Hmmm....interesting. Not sure how I feel about the opportunity for a free hidden advertising plug for companies with clever URL titles. . .or (in this case anyway) if the bot introduced anything of value that wasn't already inherent in the URL sytax itself, but it is what it is. . .and, at the end of the day, not a super big deal.--Pgagnon999 (talk) 23:49, 4 February 2008 (UTC)

I think that it's wikipedian's responsibility to add titles to an external links. When this hasn't been done, I do my best to fix that. If, however, the fix is not that good, well 1)It's better than a plain hideous URL 2) Someone would have had to edit the link to add a good link anyway; after DumZiBoT, this someone just has to *fix* the title, which is less work than checking the link, and adding a title... NicDumZ ~ 15:16, 5 February 2008 (UTC)

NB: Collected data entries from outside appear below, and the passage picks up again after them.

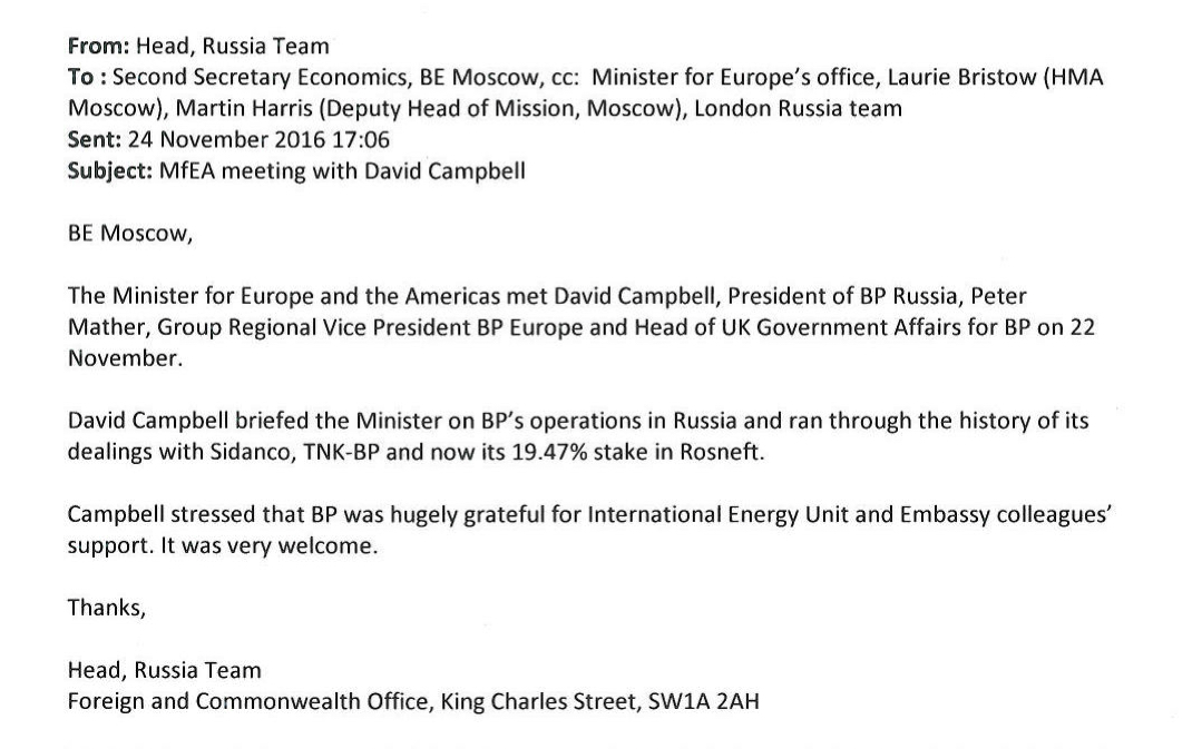 Just over a year ago, BP Vice President for Europe Peter Mather and BP Head of UK Government Affairs Andrew Manner meet with the Minister for Europe and the Americas Alan Duncan MP. Also attending that meeting, is the President of BP Russia David Campbell. In notes sent to the British Embassy by the head of the Foreign Office’s Russia team, it is clear that the Minister was given a detailed overview of BP’s history and current operations in Russia. What stands out in the email though, is the following:
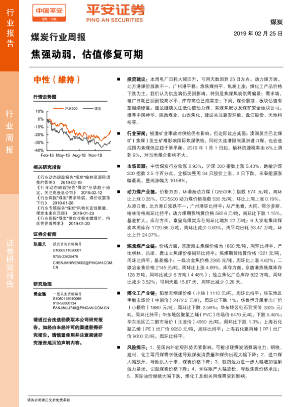 【平安证券】【20190225】20190225-平安证券-煤炭行业周报:焦强动弱,估值修复可期-6页
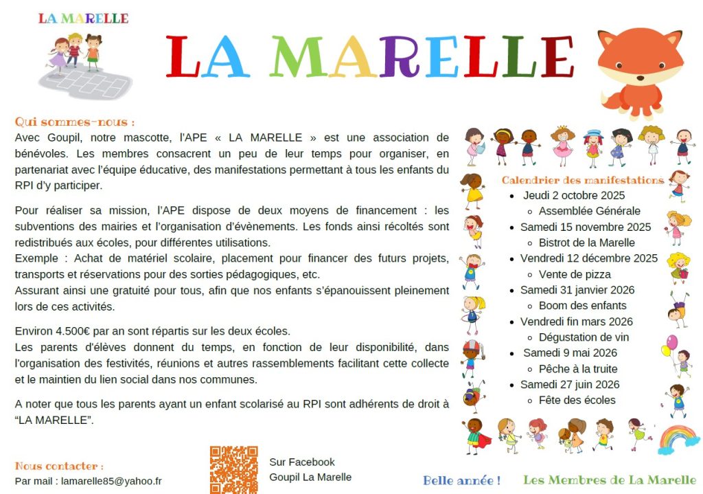 « La Marelle » est l’association des parents d’élèves du RPI St Juire Champgillon – St Martin – La Réorthe, qui organise différentes actions au bénéfice des coopératives scolaires pour financer des sorties ou permettre la réalisation de projets par et pour les élèves.
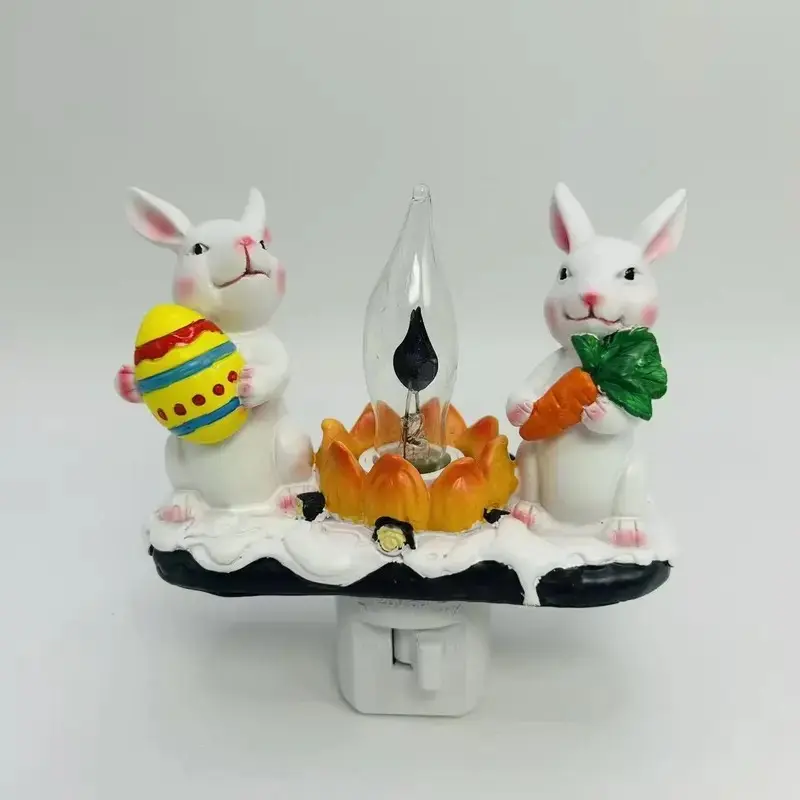 Rabbit Night Light, LED Bunny Campfire Decorative Lamp, Resin Ambient Easter Lights, Bedside, Holiday Night Lighting, Home Décor

Another issue with the bot: When a URL redirects, the bot is following it to its new destination and blithely listing the title of the new URL. Where I observed this: In List of unaccredited institutions of higher learning, http://www.asiaweek.com/asiaweek/features/universities2000/artic_online.html redirected to the current issue of TIME Magazine, so the bot left a link title of "TIME Magazine - Asia Edition - February 11, 2008 Vol. 171, No. 5". That misdirection was fairly innocuous (although the current issue of the magazine would be useless as a source, at least it's clean), and I've fixed that particular misdirection with a link to the archive.org version of the original AsiaWeek article, but I think that as a general policy the bot process should be generating a list of domains that redirect, rather than generating new titles. --Orlady (talk) 15:02, 5 February 2008 (UTC)

hmm... Right. Though, a lot of websites are using soft redirects if for example, the content has moved, or if you linked to a frame when the navigation menu is in another frame. I'm afraid that logging the redirects would not do, as there would have too many of them. However, I might add some sort of exception for the Times... NicDumZ ~ 15:12, 5 February 2008 (UTC)
I hadn't thought of the frames issue... I see multiple problems with following a nonframe-related redirect. One is when the domain registration has expired and a new owner has redirected it to unsavory content. Another is that the bare URL is actually more informative to a user than the description of the new target. A user who clicks on an Asiaweek URL that has the year 2000 in its name will quickly recognize what happened when they see the current issue of Time magazine, but a user who sees a link to Time magazine that makes no sense in the context is likely to assume that the Misplaced Pages contributors were idiots. This problem is by no means unique to Time magazine -- many domains do that kind of thing with old URLs. --Orlady (talk) 15:29, 5 February 2008 (UTC)
Of course this is exactly the reason why I created my tool. By the way that article is a horrid mess with its external links. — Dispenser 01:24, 6 February 2008 (UTC)

Perhaps you can turn your attention to the article "Malleus"

While you are about it, NicDumZ, perhaps you can turn your attention to the article malleus. The info box ref to the image of the gestation stage indicated needs fixing as it directs you straight to the UNC University Wiki article, unless you as the potential reader know what you are doing. Not many of our readers might know that though. Unless he (the reader) knows to home in on the template used he is going to be nonplussed. Many thanks, and congratulations on your work. Do you actually look out for unsourced articles, too? Dieter Simon (talk) 01:41, 5 February 2008 (UTC) Dieter Simon (talk) 01:43, 5 February 2008 (UTC)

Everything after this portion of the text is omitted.